Sin detenernos en esta cifra que puede
remontarse, incluso, al treinta y tres bíblico, sabemos de la constante atención
de Hernández hacia lo que sucedía en ambas orillas del Río de la Plata. En
1864, su hermano Rafael había defendido la ciudad de Paysandú –de donde, herido
en una pantorilla y disfrazado de lechero vasco, puede escapar del exterminio
organizado por Venancio Flores.

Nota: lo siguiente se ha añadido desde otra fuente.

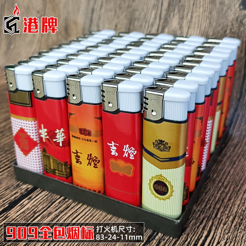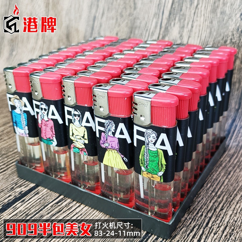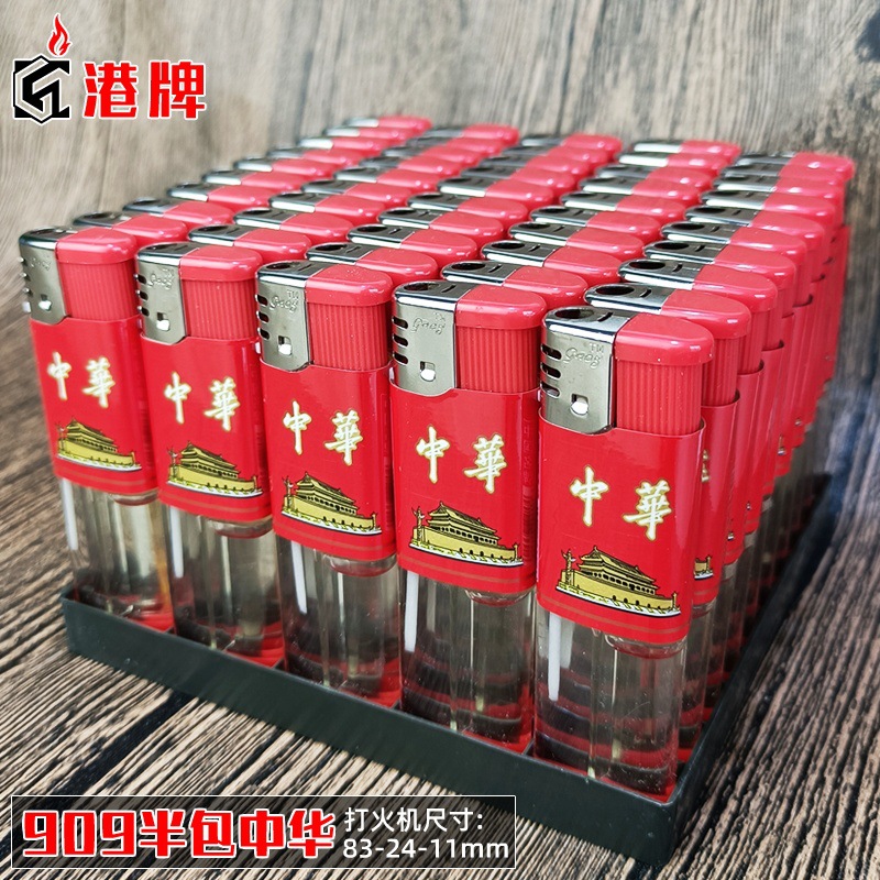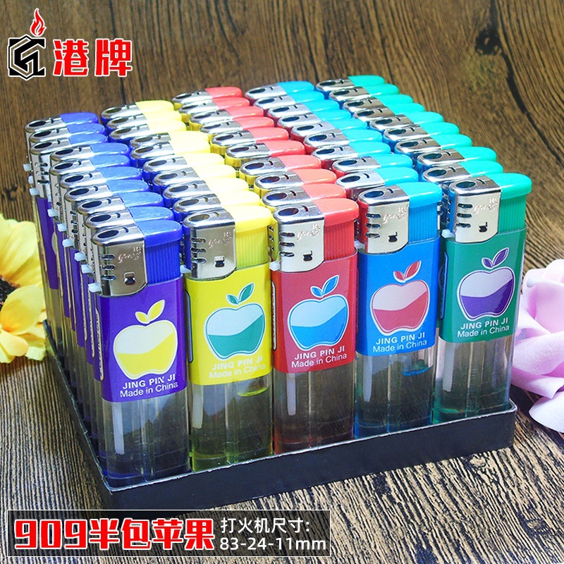 港牌透明气体明火一次性打火机 厂家批发直冲电子909半包苹果火机

Él debe mal conformarse con ver las acciones
desde la isla Caridad, en suelo argentino; desde allí presencia ese verdadero
inicio de la mayor masacre en Sudamérica, la Guerra del Paraguay o Guerra
Guasú.
Ése era este poeta misional, en palabras de Cúneo, de un nacionalismo de base
popular, el poeta mensajero del genio
espontáneo de su país y sus paisanos. Y, como también señala este
estudioso, en esa fragua social se genera lo que legitima la perduración
literaria. Hernández –que nunca pudo en otras expresiones poéticas acercarse al
Martín Fierro, sino sólo remedarlo en
estilo y ritmo– convoca a su mayor personaje en este homenaje y diálogo con Juan
Manuel Blanes (1830-1901), el enorme pintor de la historia no sólo uruguaya, en
una de sus mayores obras, junto a “La
paraguaya”.
Pasan los años, las décadas y los siglos, poco
cambia, sólo las formas de la modernidad y cómo se expresa y muestra el
dominio. Mientras que los políticos obren en vista del poder y no del bien de
su pueblo, cada día sumarán más poder, sobre una sociedad más pobre y sojuzgada.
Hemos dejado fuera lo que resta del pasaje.